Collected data
%%
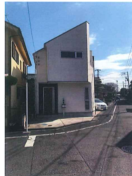
※図面と現況が異なる場合は現況優先となります。
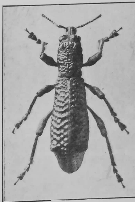
Lophotus (Aegorrh.) vitulus F.
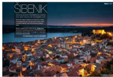
The Guardian, Mirror, Croatia Airlines...
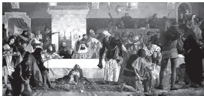
„Uczta u Wierzyńka” Bronisława Abramowicza
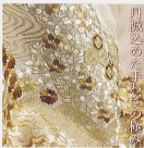
丹波込めた手織りの逸品
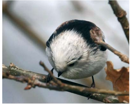
375 Central European Long-tailed Bushtit / Staartmees Aegithalos caudatus europaeus , Stuw Hankate Hellendoorn, Overijssel, Netherlands, 28 March 2008 ( Gerrit Schepers ). Intermediate bird. Note brownish spot on neck-side and scattered darker spots on crown and nape.

Tynemouth, Northumberland, in November 1852, now at Hancock Museum (Witherby et al 1938, Galloway & Meek 1978); 2 up to six birds at Westleton Heath and Minsmere RSPB Reserve, Suffolk, from 25 January to 25 February 2004 (Small 2004); and 3 up to three birds at Lewes, Sussex, from 26 January to 17 February 2004 (Cooper et al 2004, Evans 2004). Photographs support the latter two records.
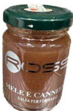
COM270 CONFETTURA DI MELE E CANNELLA GR110 X 6
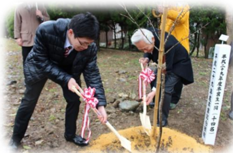
校長先生と一緒にヤマザクラを植樹
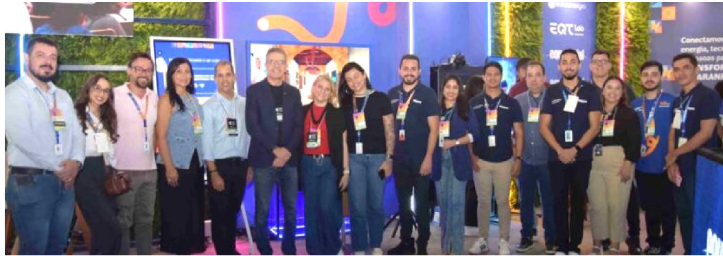
Estande da Equatorial foi um dos grandes destaque na Expo Indústria Maranhão 2025

A ligação de Donald Trump para o presidente Lula da Silva na manhã desta segunda-feira (6) foi tratada por aliados como uma vitória para o petista. Para a oposição, que esperava ainda mais pressão, foi um balde de água fria.
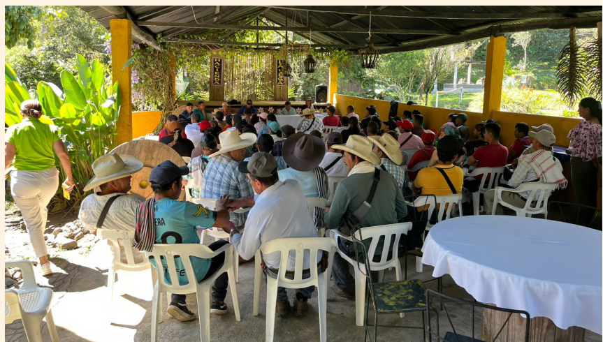
Capacitar a las comunidades permite desarrollar los territorios y generar mejores estilos de vida.

El gestor además destacó la manera en que se ha venido construyendo este ejercicio solidario: “es importante decir que no es un trabajo de ocho días, es un proceso que llevamos desde hace dos años, que
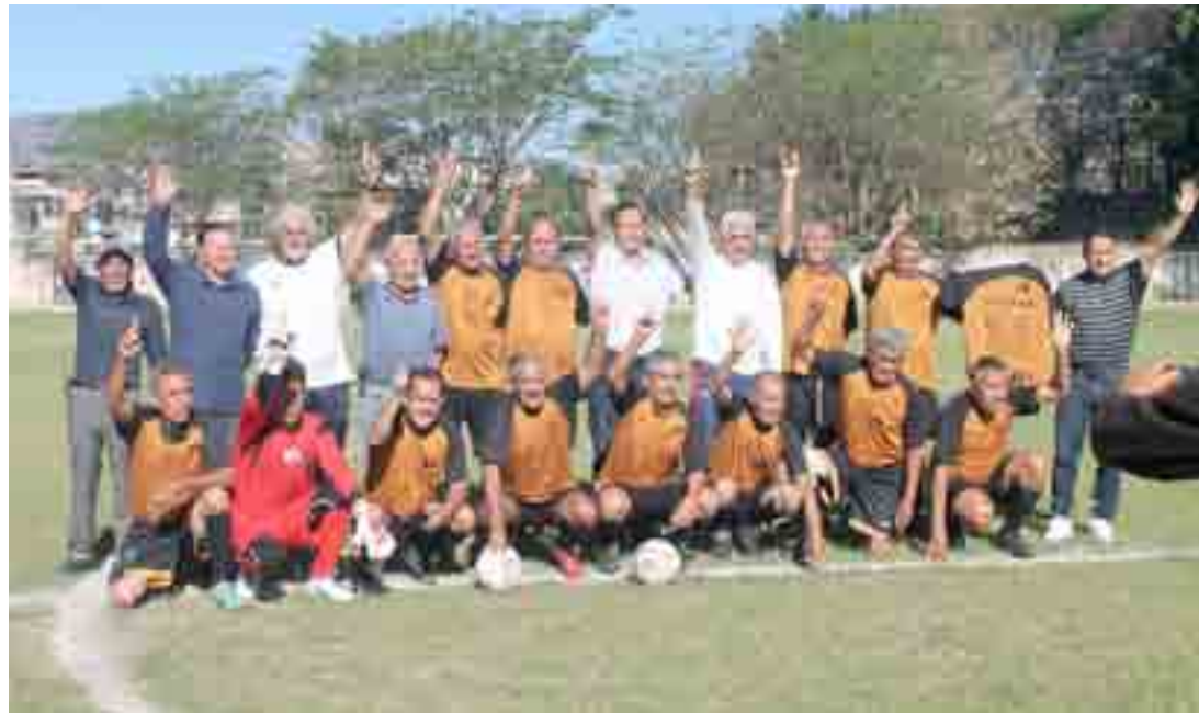
Por otro trofeo de campeón el cuadro Zapata

Diamante "B", semifinal de copa a un solo partido, Real Prvincia recibirá a Quinta Zapote a las 07:45
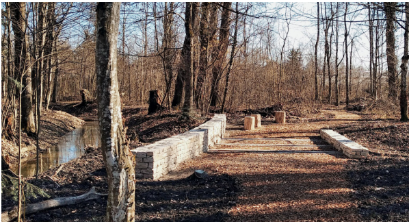
aménagements et fossé à ciel ouvert | projet du Bois de la Citadelle

Les projets d'architecture du paysage, ont pour ambition de créer des espaces à la fois fonctionnels, soit d'aménager des espaces extérieurs pour la population, mais ils cherchent aussi à revaloriser le lieu en question et surtout à trouver une symbiose avec le milieu dans lequel ils se situent. Cette volonté de créer des espaces en synergie avec leur environnement est au cœur des projets que nous élaborons. D'une part, nous cherchons à enrichir l'environnement sur lequel nous travaillons et d'autre part à avoir le moindre impact sur le milieu. Plus précisément, nous aspirons à créer des projets qui se fondent dans le site sur lequel ils se déploient.
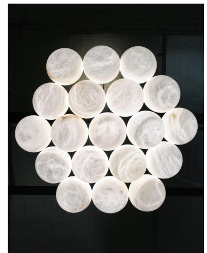
Non contractual picture / Photographie non contractuelle
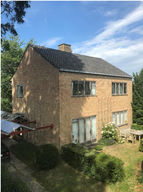
Husets vestvendt gavl og facaden mod syd.
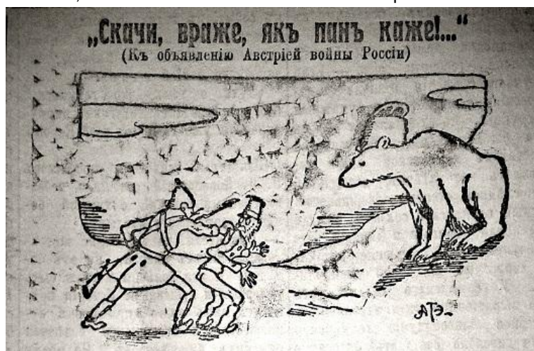
Рис. 7. Скачи, враже, як пан каже (Последние новости. 1914. 3 августа. № 2508)

Значна частина тогочасної сатиричної графіки була присвячена дискредитації та висміюванню відносин між німцями та їхніми союзниками. У карикатурі “Скачи враже, як
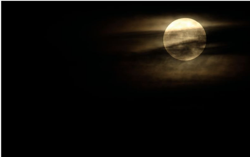
Lever de lune (B Descaves)
%%
§ **Exercise brief**
Copy the data precisely. Skip every picture.

§ **Exercise result**
※図面と現況が異なる場合は現況優先となります。
Lophotus (Aegorrh.) vitulus F.
The Guardian, Mirror, Croatia Airlines...
„Uczta u Wierzyńka” Bronisława Abramowicza
丹波込めた手織りの逸品
375 Central European Long-tailed Bushtit / Staartmees Aegithalos caudatus europaeus , Stuw Hankate Hellendoorn, Overijssel, Netherlands, 28 March 2008 ( Gerrit Schepers ). Intermediate bird. Note brownish spot on neck-side and scattered darker spots on crown and nape.

Tynemouth, Northumberland, in November 1852, now at Hancock Museum (Witherby et al 1938, Galloway & Meek 1978); 2 up to six birds at Westleton Heath and Minsmere RSPB Reserve, Suffolk, from 25 January to 25 February 2004 (Small 2004); and 3 up to three birds at Lewes, Sussex, from 26 January to 17 February 2004 (Cooper et al 2004, Evans 2004). Photographs support the latter two records.
COM270 CONFETTURA DI MELE E CANNELLA GR110 X 6
校長先生と一緒にヤマザクラを植樹
Estande da Equatorial foi um dos grandes destaque na Expo Indústria Maranhão 2025

A ligação de Donald Trump para o presidente Lula da Silva na manhã desta segunda-feira (6) foi tratada por aliados como uma vitória para o petista. Para a oposição, que esperava ainda mais pressão, foi um balde de água fria.
Capacitar a las comunidades permite desarrollar los territorios y generar mejores estilos de vida.

El gestor además destacó la manera en que se ha venido construyendo este ejercicio solidario: “es importante decir que no es un trabajo de ocho días, es un proceso que llevamos desde hace dos años, que
Por otro trofeo de campeón el cuadro Zapata

Diamante "B", semifinal de copa a un solo partido, Real Prvincia recibirá a Quinta Zapote a las 07:45
aménagements et fossé à ciel ouvert | projet du Bois de la Citadelle

Les projets d'architecture du paysage, ont pour ambition de créer des espaces à la fois fonctionnels, soit d'aménager des espaces extérieurs pour la population, mais ils cherchent aussi à revaloriser le lieu en question et surtout à trouver une symbiose avec le milieu dans lequel ils se situent. Cette volonté de créer des espaces en synergie avec leur environnement est au cœur des projets que nous élaborons. D'une part, nous cherchons à enrichir l'environnement sur lequel nous travaillons et d'autre part à avoir le moindre impact sur le milieu. Plus précisément, nous aspirons à créer des projets qui se fondent dans le site sur lequel ils se déploient.
Non contractual picture / Photographie non contractuelle
Husets vestvendt gavl og facaden mod syd.
Рис. 7. Скачи, враже, як пан каже (Последние новости. 1914. 3 августа. № 2508)

Значна частина тогочасної сатиричної графіки була присвячена дискредитації та висміюванню відносин між німцями та їхніми союзниками. У карикатурі “Скачи враже, як
Lever de lune (B Descaves)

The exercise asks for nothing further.